RAW DATA>
*** Begin section ***

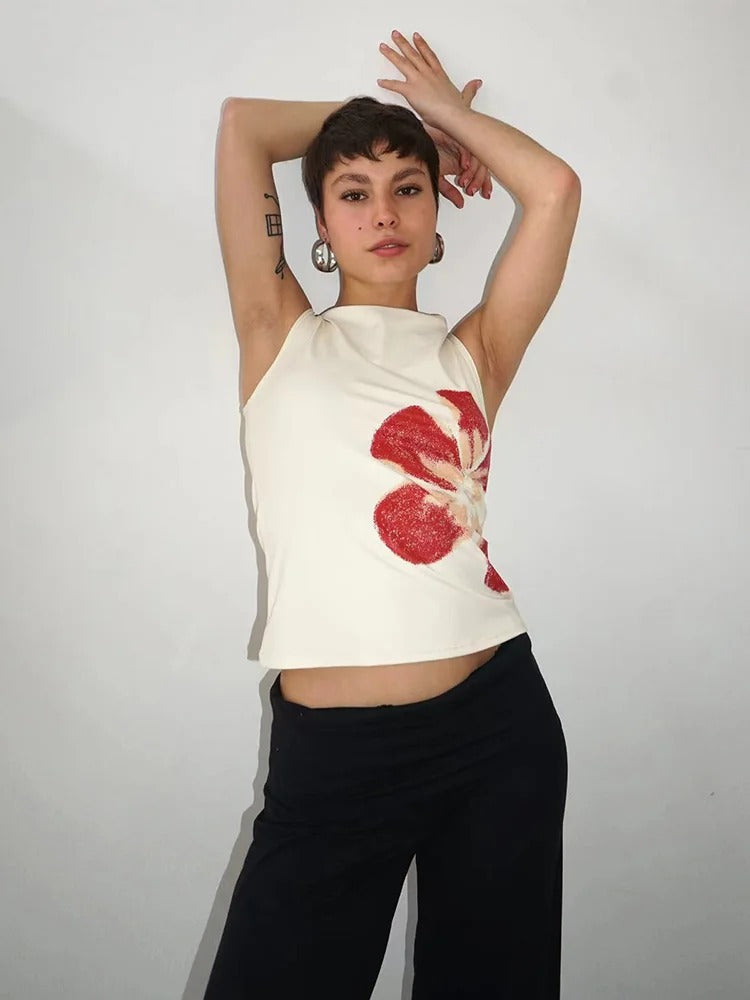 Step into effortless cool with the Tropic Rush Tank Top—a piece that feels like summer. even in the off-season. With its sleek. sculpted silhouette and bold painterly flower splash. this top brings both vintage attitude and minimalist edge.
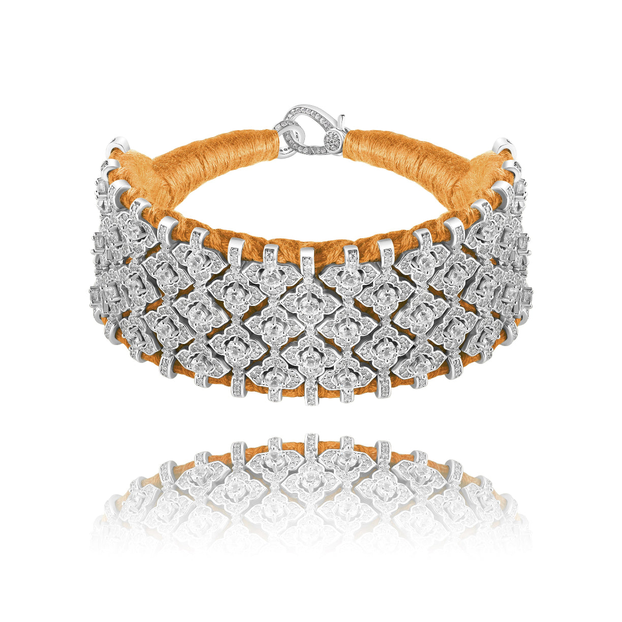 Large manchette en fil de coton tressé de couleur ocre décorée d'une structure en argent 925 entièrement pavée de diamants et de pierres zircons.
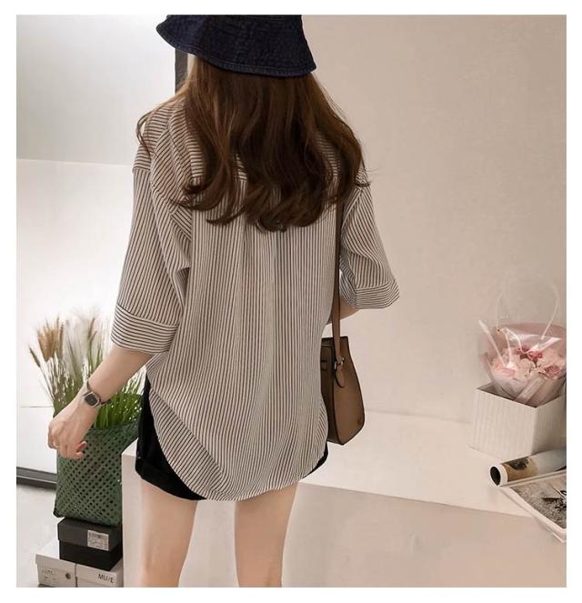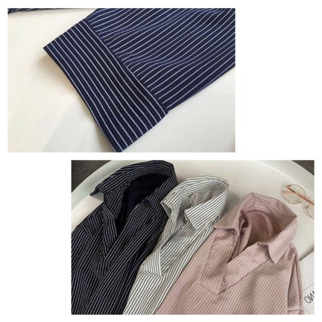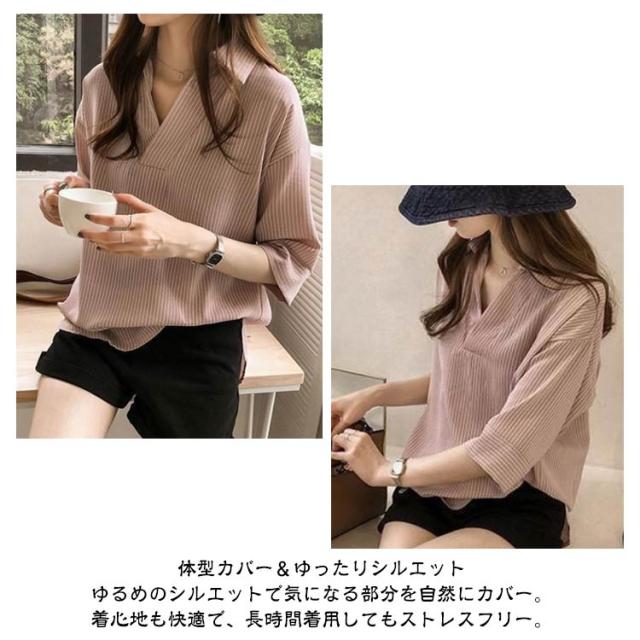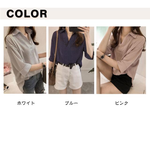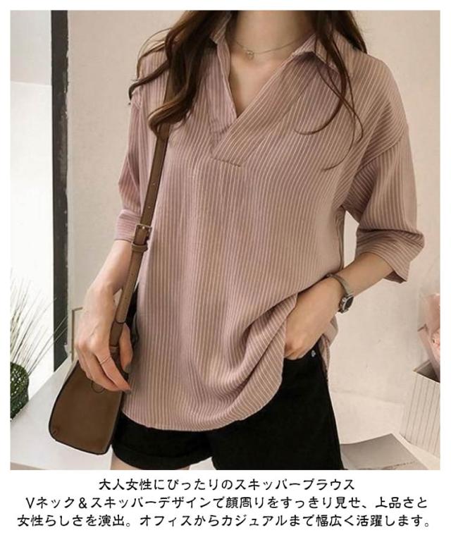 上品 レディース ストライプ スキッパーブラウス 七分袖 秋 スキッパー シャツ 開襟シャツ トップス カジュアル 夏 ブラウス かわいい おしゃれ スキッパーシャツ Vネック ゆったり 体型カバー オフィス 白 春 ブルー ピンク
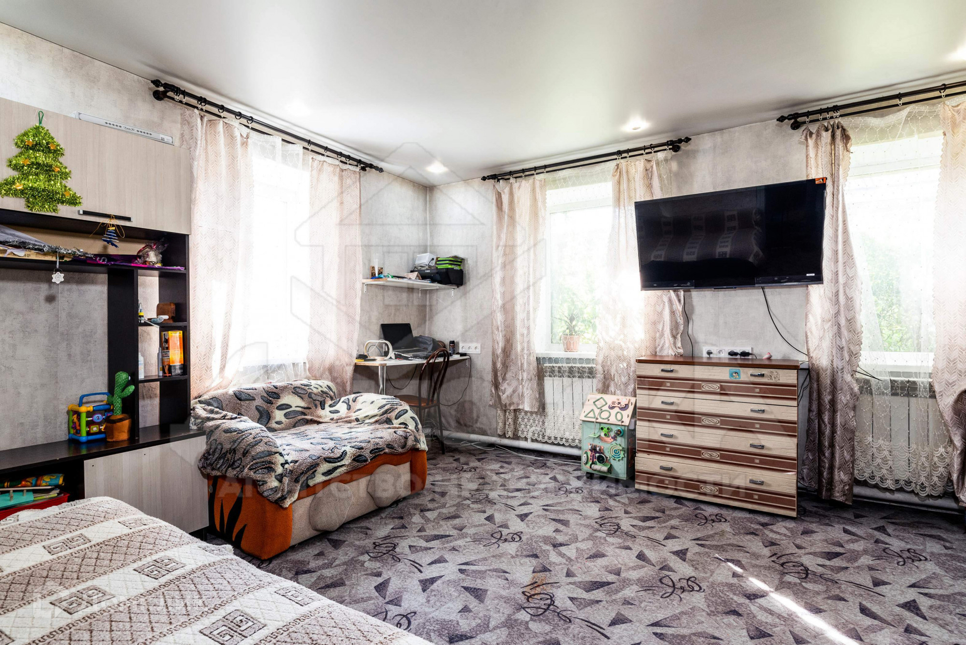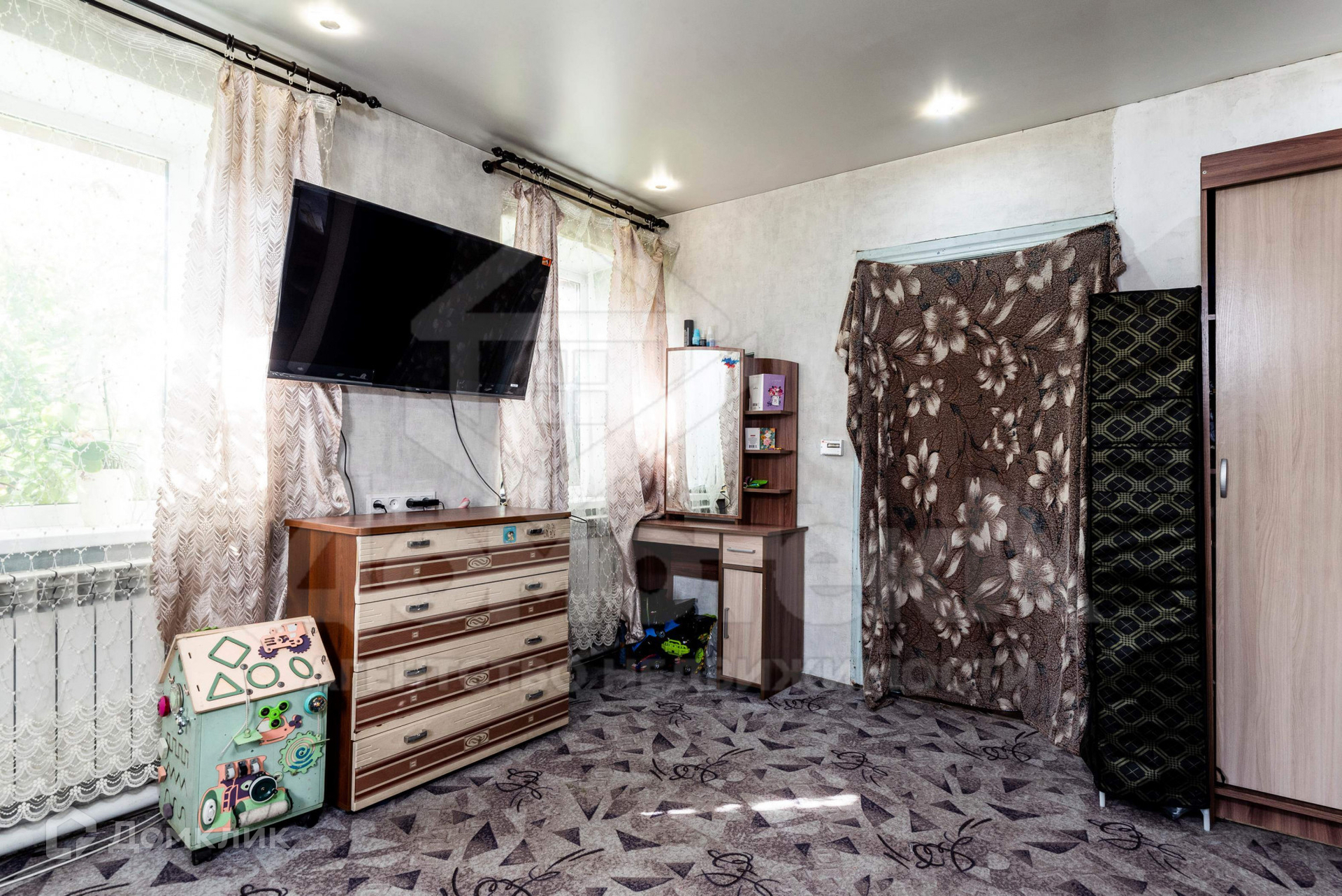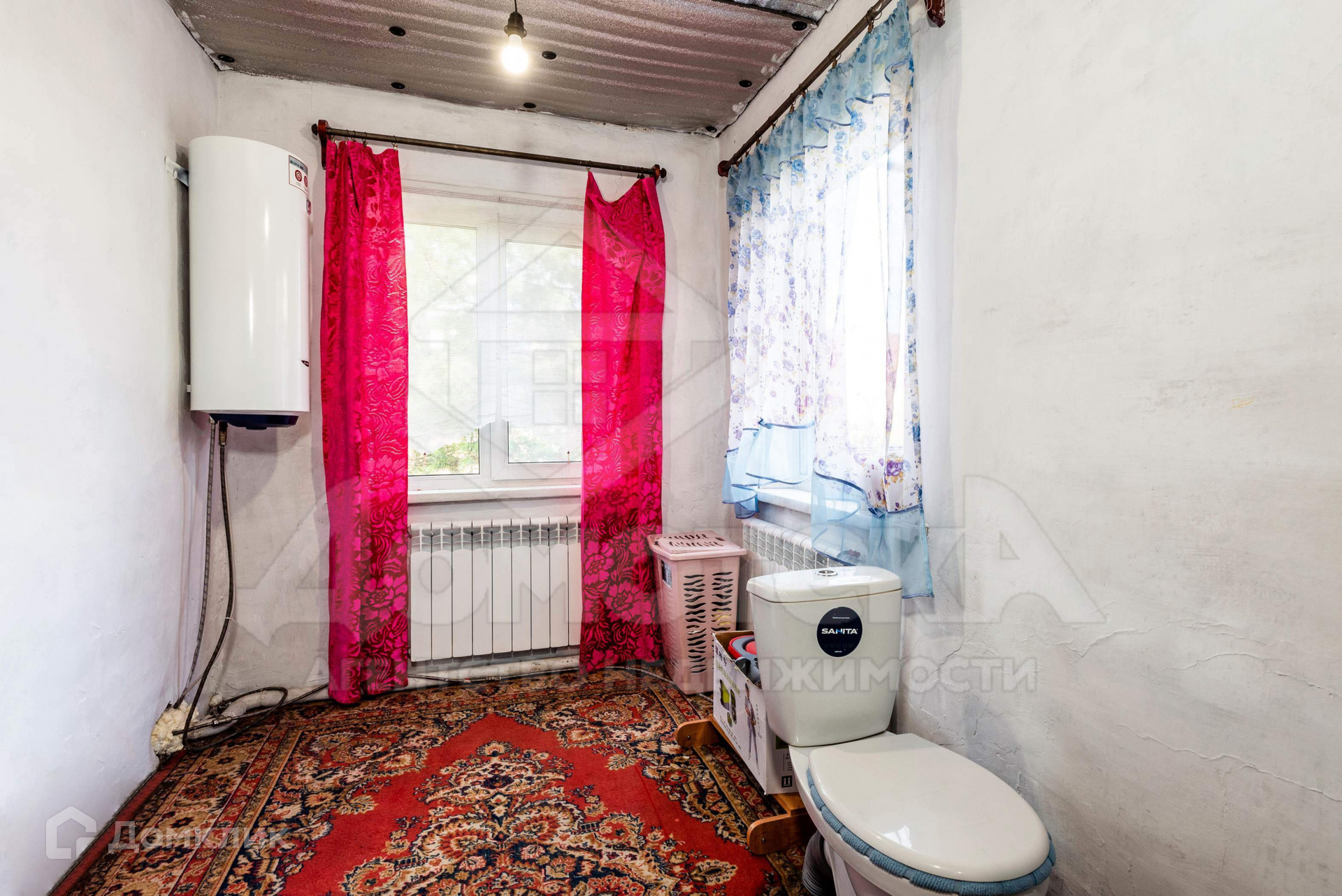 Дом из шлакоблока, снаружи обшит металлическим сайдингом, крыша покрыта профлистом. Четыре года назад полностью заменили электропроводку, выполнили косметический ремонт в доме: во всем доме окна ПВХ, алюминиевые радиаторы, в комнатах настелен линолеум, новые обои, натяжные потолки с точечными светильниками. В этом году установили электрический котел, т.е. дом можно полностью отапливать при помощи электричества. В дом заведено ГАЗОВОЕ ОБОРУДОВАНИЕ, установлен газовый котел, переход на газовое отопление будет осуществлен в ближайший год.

*** End section ***

ACTIVITY>
Give the listing again word for word. Skip any pictures.

ANSWER>
 Step into effortless cool with the Tropic Rush Tank Top—a piece that feels like summer. even in the off-season. With its sleek. sculpted silhouette and bold painterly flower splash. this top brings both vintage attitude and minimalist edge.
 Large manchette en fil de coton tressé de couleur ocre décorée d'une structure en argent 925 entièrement pavée de diamants et de pierres zircons.
 上品 レディース ストライプ スキッパーブラウス 七分袖 秋 スキッパー シャツ 開襟シャツ トップス カジュアル 夏 ブラウス かわいい おしゃれ スキッパーシャツ Vネック ゆったり 体型カバー オフィス 白 春 ブルー ピンク
 Дом из шлакоблока, снаружи обшит металлическим сайдингом, крыша покрыта профлистом. Четыре года назад полностью заменили электропроводку, выполнили косметический ремонт в доме: во всем доме окна ПВХ, алюминиевые радиаторы, в комнатах настелен линолеум, новые обои, натяжные потолки с точечными светильниками. В этом году установили электрический котел, т.е. дом можно полностью отапливать при помощи электричества. В дом заведено ГАЗОВОЕ ОБОРУДОВАНИЕ, установлен газовый котел, переход на газовое отопление будет осуществлен в ближайший год.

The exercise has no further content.